I’m using my imagination here, but when I read this passage, John has got to be dismayed. “Repentance, Jesus? Cleansing, for you?” This was a solemn ritual. Kind of a downer, honestly. Normally, kings were anointed with oil and acclaimed as king. They’d be clothed in finery and set upon a throne. There would be parades and feasts and celebration. And Jesus wanted to… Come down to the riverside and ask for God’s forgiveness?
This didn’t fit the story. This didn’t fit anyone’s imagination of what the Messiah would be like.
And so this morning I’m thinking about John’s humility. Because it had to be humbling to be the one to baptize Jesus. It had to be sobering to stand beside Jesus in the water as the Spirit came down in the form of a dove. It had to make John feel small. It must have put things in perspective to discover that the savior-king of Israel is a man who submits himself to others rather than placing himself above.
And in this strange situation, we see that John had wisdom, and courage. We’ve got plenty of stories in the Bible of servants of God who just didn’t get it, who weren’t ready to listen to the strange ways that God wanted to act in the world, and ended up needing to learn a lesson or two. I’m thinking of Jonah, who had to get swallowed by a giant fish and spit back upon the land. Or John’s own father, Zechariah, who as high priest saw a vision of the angel and was told that his aged wife would conceive. He couldn’t believe it, and he lost the ability to speak for the duration of the pregnancy. I’m thinking of Paul, who was struck blind after his vision of Jesus, calling him to repentance and a ministry of life rather than death.
Unlike those men, John clearly got it. He didn’t have to be told twice, and he certainly wasn’t struck speechless or blinded. But he was definitely surprised, and he had to change his expectations on the spot.
I’ve experienced this a lot in my own life. There have been many times, both long ago and very recently, where things have simply not gone the way I wanted them to, or on the time scale that I had hoped. Things turned out differently, and it made me really upset. Most of the time, I’m much more like Jonah or Zechariah or Paul; I need a big push from God to realize that my expectations – well, quite frankly, they aren’t really relevant. God is surprising – baffling, even – and it’s a losing strategy when I try to box God in, when I start predicting (demanding!) how life ought to be.

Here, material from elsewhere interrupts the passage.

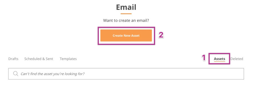 Log into you Apsis One account and go to Email. Here you will create a new Asset under Asset -> Create New Asset.

So in times when God shows up in my life in ways that I just don’t much care for, I’m trying to remember John’s courage and humility, his responsiveness to what God is unexpectedly doing. When life, or circumstances, or whatever it may be, disrupt my carefully laid plans, and I’m getting very upset about it, I’m trying to open my ears to the voice of Jesus, who might just be saying to me in that moment: “Let is be so now… to fulfill all righteousness.”